Thursday, January 24, 2013
New technique stores terabytes of data on DNA with 100% accuracy
As technology advances and we incorporate digital activities into our daily routine more frequently, we require an ever-increasing amount of storage space to host the data we collect. Storage is evolving at a reasonable pace, but conventional technologies have their limits and researchers are constantly looking for more powerful alternatives. One such storage medium involves holding enormous amounts of data on DNA. Now researchers have pioneered a new technique to store data on, and access data from, DNA molecules.
Last year, Harvard scientists managed to stuff 5.5 petabits (around 700 terabytes) of data onto a single gram of DNA. As we previously explained, the method used to store the data on the gram of DNA is similar to how it is stored on a standard storage device. Strands of DNA that held 96 bits of binary dataeach were synthesized, then the data could be read using a standard DNA sequencing process.
However, there are a couple of hurdles in the way of advancing writing to and reading from DNA. First, writing and reading errors are common, and are caused by repeating letters encoding onto the strands of DNA. The other prominent issue is that, currently, scientists can only create short strands of DNA, limiting the overall space with which to work.
The new method for storing data on and reading it from DNA, created by the Bioinformatics Institute (BI), consists of breaking up the data into many little fragments that overlap each other and go in either direction in order to prevent repeating letters — 117 letters in each string.

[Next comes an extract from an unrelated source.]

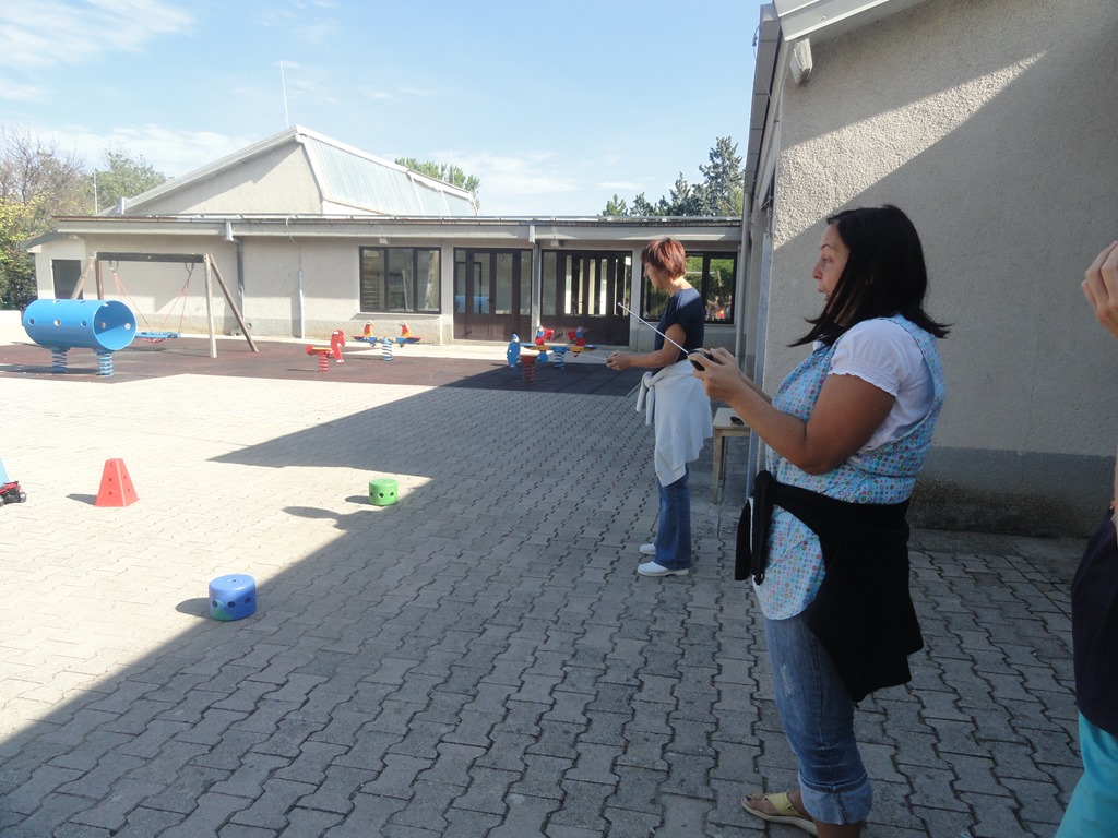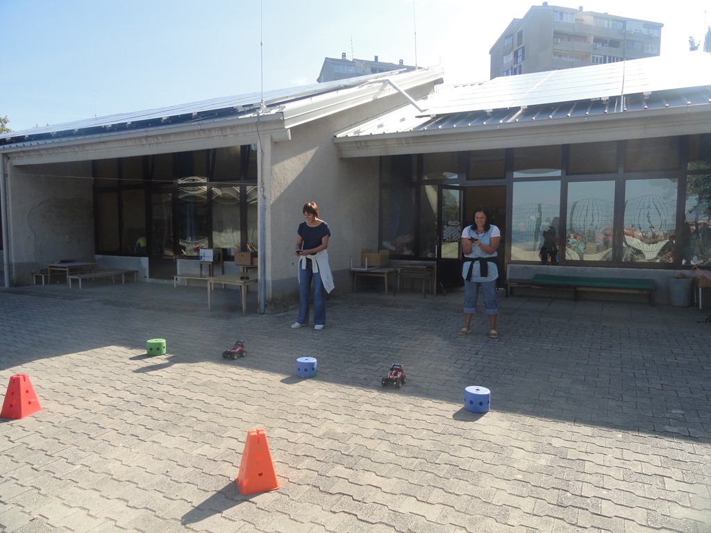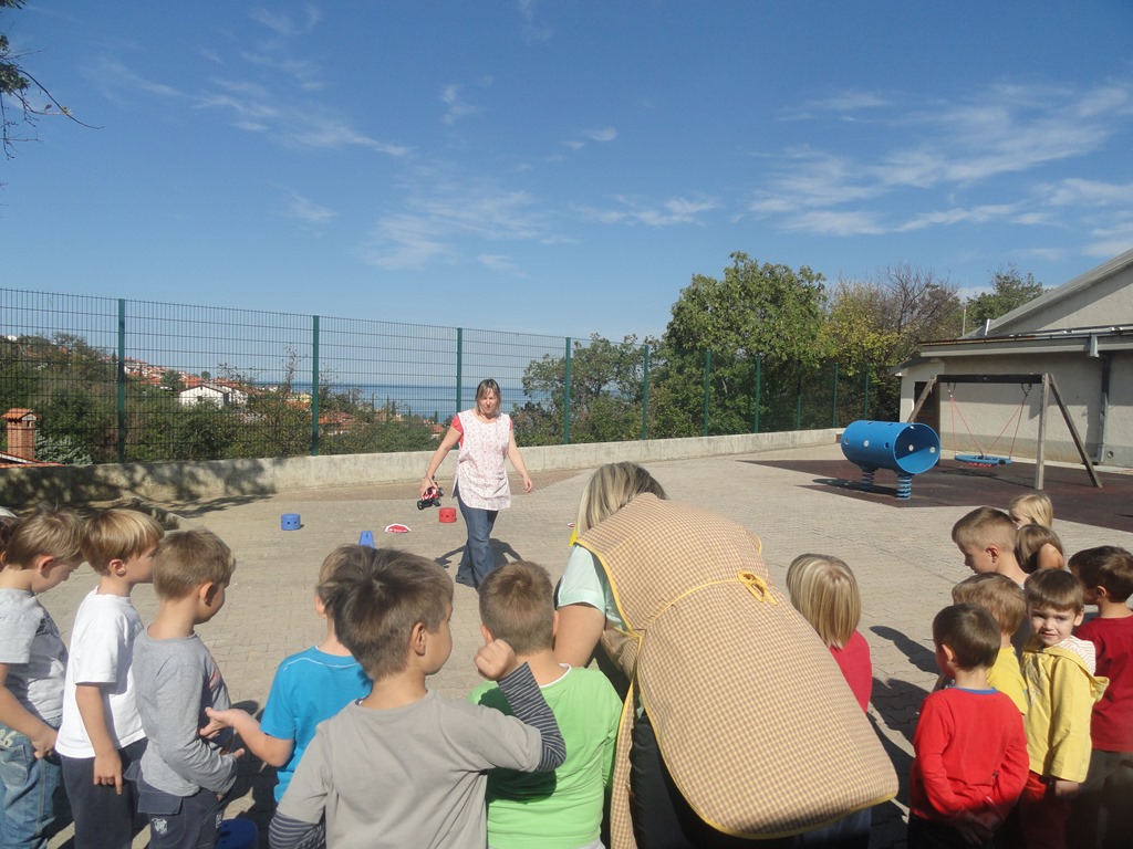 Nato smo otroke povabili na zunanje dvorišče, kjer so se na pripravljenem poligonu lahko preizkusili v upraljnaju električnega avtomobilčka. Vozili so med keglji in se ustavli na STOP znaku. Igra je bila zabavna, otroci in vzgojiteljice pa zelo zadovoljni.

Along with that specific arrangement, the coded data requires indexing information to dictate where each fragment fits into the overall data. The new technique also required a new coding method that reduced the possibility of repeating letters.
In order to test the new technique, California-based Agilent Technologies offered to store data on the strings of DNA. BI sent the Agilent team various files encoded using the aforementioned method that would reduce errors, which consisted of a .txt file of all of Shakespeare’s sonnets, a 26-second clip of Martin Luther King Jr.’s “I Have a Dream” speech, a .jpeg of the Bioinformatics Institute, a .pdf of Watson and Crick’s paper that detailed DNA structure, and a file that explains the actual encoding process being used.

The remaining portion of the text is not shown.